◆ **Data provided**:
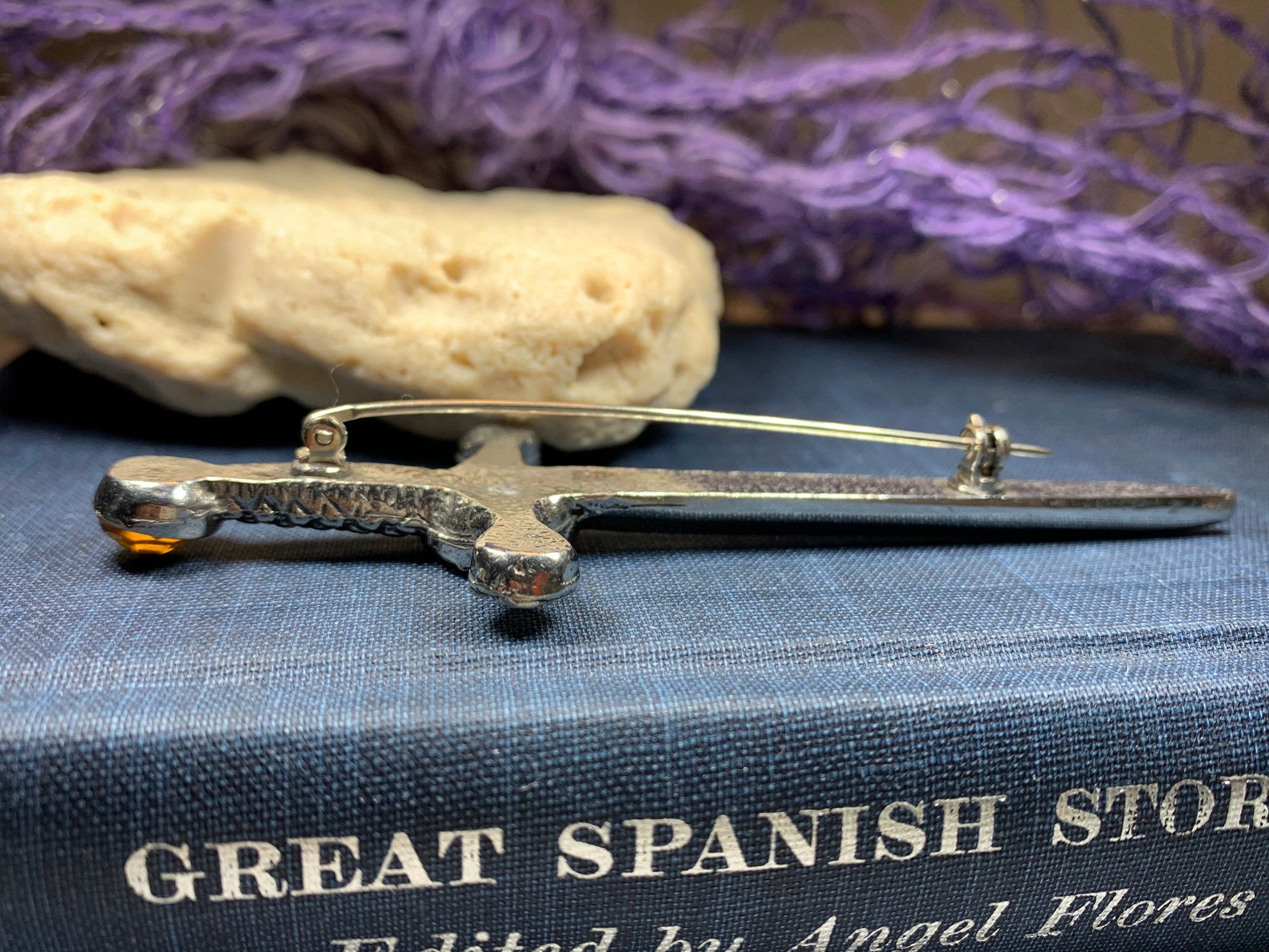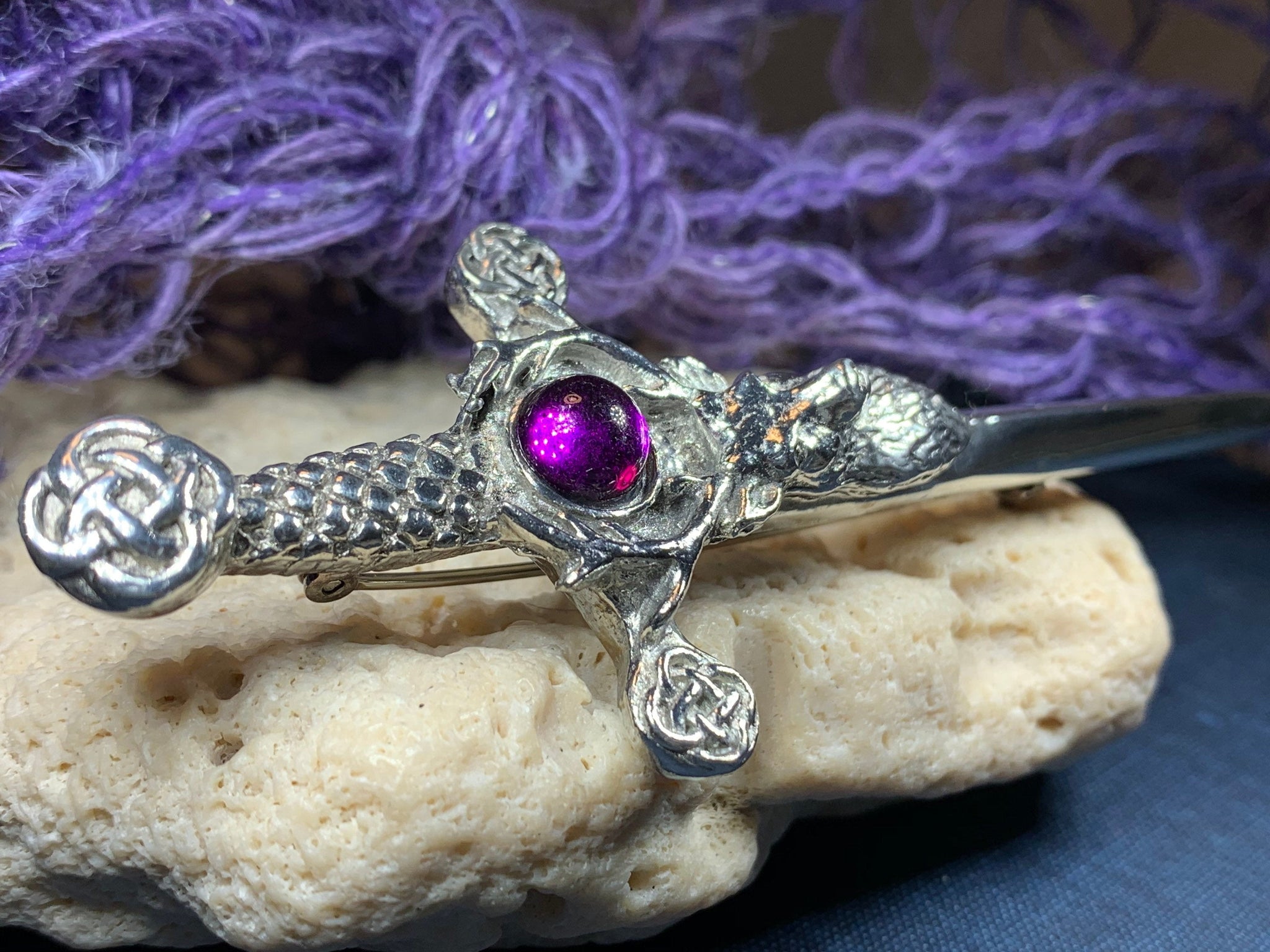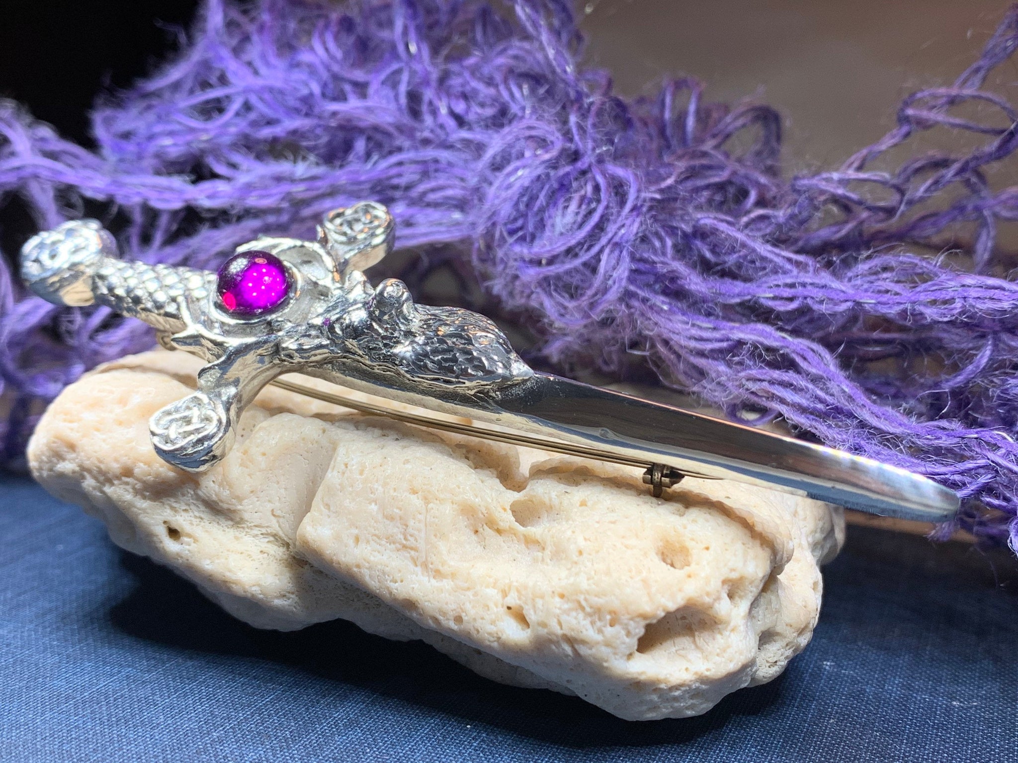 Unleash your inner warrior with the Stag Sword Kilt Pin! This stunning accessory boasts a regal purple gem, intricately detailed stag head, and shining pewter finish. A must-have for any highland gentleman looking to make a bold statement.
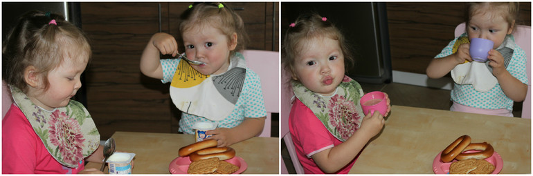 Сегодня девочки остались дома со мной, т.к. Танюшка неважно себя чувствует (у нас третий день высокая температура). Но в целом мы придерживаемся режима дня детского сада.
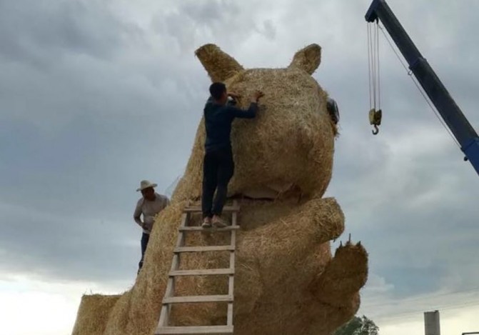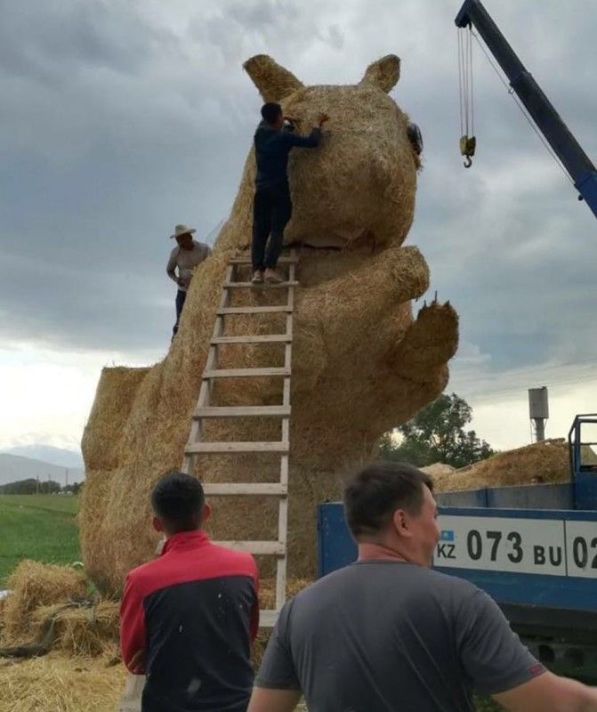 В поселке Алмалыбак Карасайского района Алматинской области студенты построили в поле гигантскую белку. Об этом сообщил пользователь Facebook Куат Ахметжанов в группе "Астана, хочу похвалить/пожаловаться".

◆ **Task statement**:
Leaving out the pictures, restate the listing above exactly.

◆ **Problem solution**:
 Unleash your inner warrior with the Stag Sword Kilt Pin! This stunning accessory boasts a regal purple gem, intricately detailed stag head, and shining pewter finish. A must-have for any highland gentleman looking to make a bold statement.
 Сегодня девочки остались дома со мной, т.к. Танюшка неважно себя чувствует (у нас третий день высокая температура). Но в целом мы придерживаемся режима дня детского сада.
 В поселке Алмалыбак Карасайского района Алматинской области студенты построили в поле гигантскую белку. Об этом сообщил пользователь Facebook Куат Ахметжанов в группе "Астана, хочу похвалить/пожаловаться".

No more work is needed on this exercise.